● **WHAT YOU NEED TO DO**
Quote the listing below in its entirety, omitting every image.

● **PROVIDED DATA**
★ ★ ★ ★ ★ ★ ★

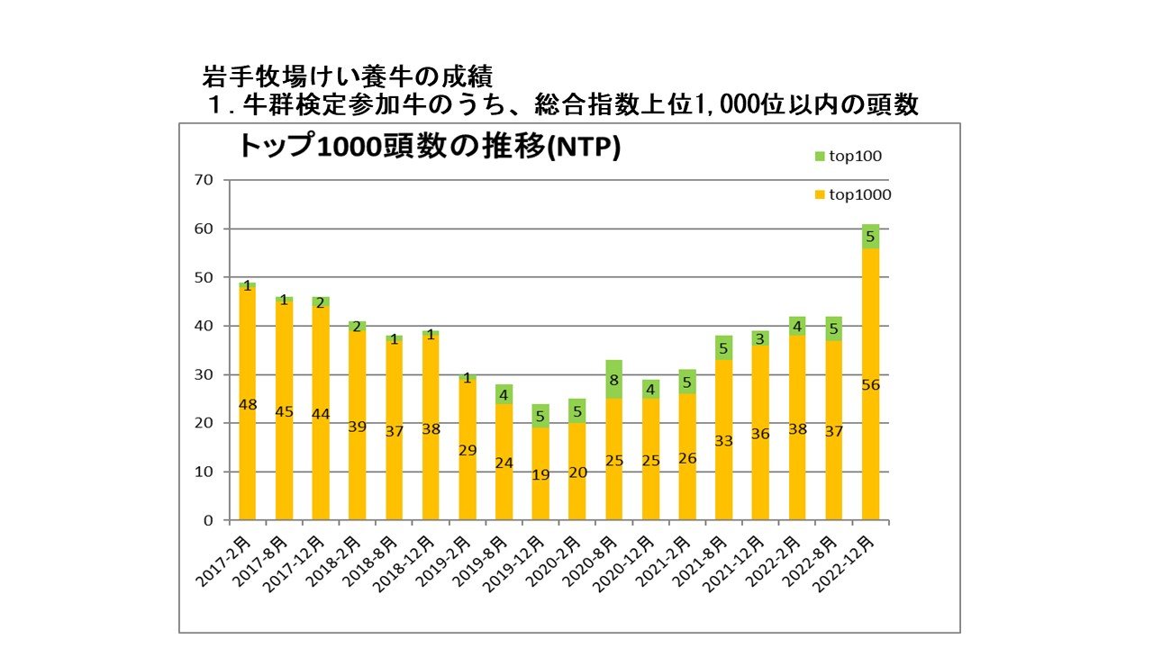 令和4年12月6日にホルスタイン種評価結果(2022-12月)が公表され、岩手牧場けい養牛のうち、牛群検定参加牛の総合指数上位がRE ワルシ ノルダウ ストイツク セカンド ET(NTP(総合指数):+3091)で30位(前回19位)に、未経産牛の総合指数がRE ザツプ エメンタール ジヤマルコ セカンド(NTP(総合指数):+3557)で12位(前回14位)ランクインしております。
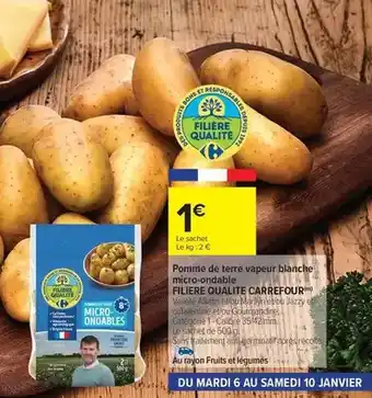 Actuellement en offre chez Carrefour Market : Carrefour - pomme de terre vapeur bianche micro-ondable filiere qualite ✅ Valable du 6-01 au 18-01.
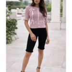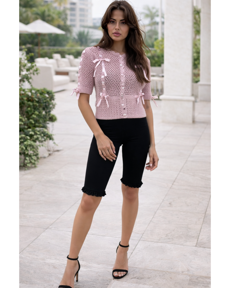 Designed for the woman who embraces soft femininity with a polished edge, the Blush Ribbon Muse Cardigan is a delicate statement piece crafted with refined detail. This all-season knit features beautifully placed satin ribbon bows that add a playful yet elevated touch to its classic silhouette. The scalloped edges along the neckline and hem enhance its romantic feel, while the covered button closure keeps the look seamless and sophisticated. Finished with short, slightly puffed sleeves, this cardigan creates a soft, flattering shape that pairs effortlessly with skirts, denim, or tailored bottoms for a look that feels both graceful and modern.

★ ★ ★ ★ ★ ★ ★

● **ANSWER TO THIS PROBLEM**
 令和4年12月6日にホルスタイン種評価結果(2022-12月)が公表され、岩手牧場けい養牛のうち、牛群検定参加牛の総合指数上位がRE ワルシ ノルダウ ストイツク セカンド ET(NTP(総合指数):+3091)で30位(前回19位)に、未経産牛の総合指数がRE ザツプ エメンタール ジヤマルコ セカンド(NTP(総合指数):+3557)で12位(前回14位)ランクインしております。
 Actuellement en offre chez Carrefour Market : Carrefour - pomme de terre vapeur bianche micro-ondable filiere qualite ✅ Valable du 6-01 au 18-01.
 Designed for the woman who embraces soft femininity with a polished edge, the Blush Ribbon Muse Cardigan is a delicate statement piece crafted with refined detail. This all-season knit features beautifully placed satin ribbon bows that add a playful yet elevated touch to its classic silhouette. The scalloped edges along the neckline and hem enhance its romantic feel, while the covered button closure keeps the look seamless and sophisticated. Finished with short, slightly puffed sleeves, this cardigan creates a soft, flattering shape that pairs effortlessly with skirts, denim, or tailored bottoms for a look that feels both graceful and modern.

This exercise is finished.